Accelerating Ideas – working across the home nations

In this second blog of two about our , Alex Fox (CEO) and Anna McEwen (Executive Director of Support and Development) set out some of the lessons from Shared Lives Plus’ Accelerating Ideas UK development project, supported by Nesta and funded by the National Lottery Community Fund to develop Shared Lives and Homeshare across all four home nations.

There has been Shared Lives in all four home nations for many years, but our capacity to support the sector outside of England was limited, and a large majority of the 14,000 people using Shared Lives live in England. Welsh Government support has enabled us to address that gap in Wales for some years now, and Wales has full coverage and has started to grow in recent years. The Accelerating Ideas programme enabled us to bring our work to Scotland and Northern Ireland for the first time.

Over the past three years, Shared Lives in Scotland has grown healthily, rising to around 17%. Much has hinged on one or two ambitious and successful areas showing the potential. Moray’s Integrated Joint Board recently approved the transfer of 4- 8% of the learning disability budget into Shared Lives, because they had seen the success of the model for themselves as a day support. Now Edinburgh, Fife, and Falkirk are growing. East Lothian has plans to reach more older and young people in transition from care. Three new schemes are being established, two focused initially on people with learning disabilities and Dundee set up to support older people.

Conversely, where an area has no existing Shared Lives scheme, and leaders have no direct experience of it, winning hearts and minds takes significant work and success often requires a number of leaders to align at the same moment: in one area we spent years working with people supporting carers, disability champions, the Health board and potential providers of the new service to co-design it. Re-structuring left only two of five relevant senior leaders in post, so that process had to start again and is only gaining momentum again a year later.

In Northern Ireland, the sector had remained very small for years, with awareness low, little senior leadership attention, recruitment difficult and mixed views on development and diversification to reach new groups. Ironically, it was following the collapse of the Northern Ireland assembly, which put many areas of public service reform on hold along with the cross-party support for Shared Lives which we had worked so hard on, that a Shared Lives expansion project led by the Health & Social Care Board was established in July 2018 with £270,000 of non-recurrent funding, with funding made available to all five NI Health & Social Care Trusts for Shared Lives posts. The challenge now is to convert that investment into capacity, recruitment and impact on people’s lives.

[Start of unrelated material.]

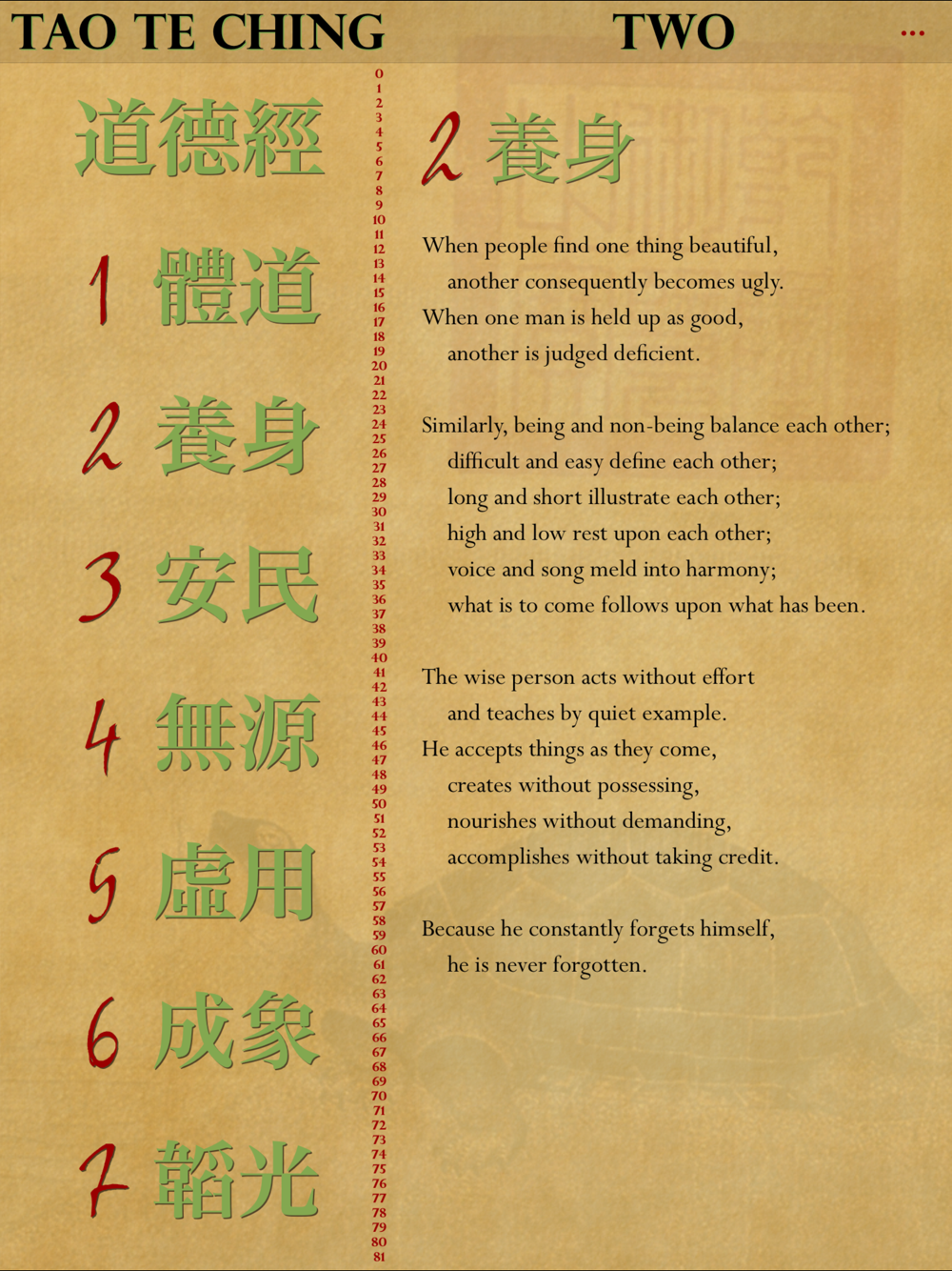Brian Browne Walker’s contemporary translations of Taoist classics have received high marks for their simplicity, clarity, and accessibility. This beautiful and functional app, which you can read in a linear fashion like a book or receive random readings from, and which allows you to email any selection to a friend with the click of a button, will be a beloved friend for years.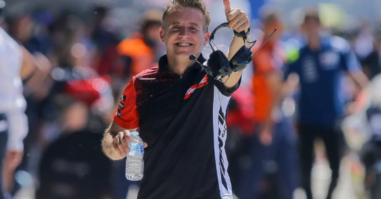 Mancano un paio d’ore al via della gara di Moto2 e nel camion tecnico di Fantic sembra che sia solo giovedì e che non stia per arrivare quella quarantina di minuti in cui ci si gioca tutto. Invece è domenica, ma è tutto in ordine, ognuno fa il suo con evidente concentrazione, ma anche con assoluta serenità e Aron Canet (che da lì a poco sarebbe passato secondo sotto la bandiera a scacchi, dietro al leader della classifica mondiale, Ai Ogura, e davanti a Tony Arbolino, ndr) fa su e giù tra i camion stesso e il box con un piatto di riso in mano e gli occhi di chi è consapevole che da lì a poco potrà togliersi un’altra bella soddisfazione su un circuito che gli piace e in una gara che rischia d’essere bagnata, visto che il cielo promette nulla di buono. Ecco, la calma apparente è la prima cosa che colpisce anche quando si apre la porta del piccolo ufficio di Roberto Locatelli. E’ stato campione del mondo con la 125 nel 2000 con il mitico team di Vasco Rossi, poi ha lavorato per Valentino Rossi e l’Academy e, adesso, è team manager proprio di Fantic, in Moto2. A ricordarlo quando faceva il pilota e a vederlo oggi da fuori sembra uno di quei piccoletti sempre a gas aperto. Invece poi, faccia a faccia, capisci che tutta quella calma apparente la trasmette lui. Perché è vero che è un ex pilota tutto istinto e velocità, ma ha un inaspettato lato da filosofo. Uno che va a fondo, insomma, e che ha capito – grazie all’esperienza e a una vita intera passata nel mondiale – che la velocità non è mai figlia della frenesia e meno che mai del metodo improvvisato.

A clear lesson from our experiences of working in all four nations is that each nation has to own its own development programme, based around senior staff who are embedded into the national policymaking and practice community. When resources are very limited, we have in the past prioritised direct support for local organisations. That has welcome impact on the ground, but that member-facing work doesn’t necessarily raise the sector’s profile and political support, or lead to longer-term investment. The approach of investing in strategic posts who can build profile, support and evidence feels like the only route towards lasting growth, as the new resources we have attracted in Northern Ireland and Scotland suggests. After years of almost all the growth being concentrated in England, we are now seeing growth which is genuinely UK-wide, with each nation able to learn from the others, as you can see from this story from Moray Shared Lives, which has pioneered dementia support.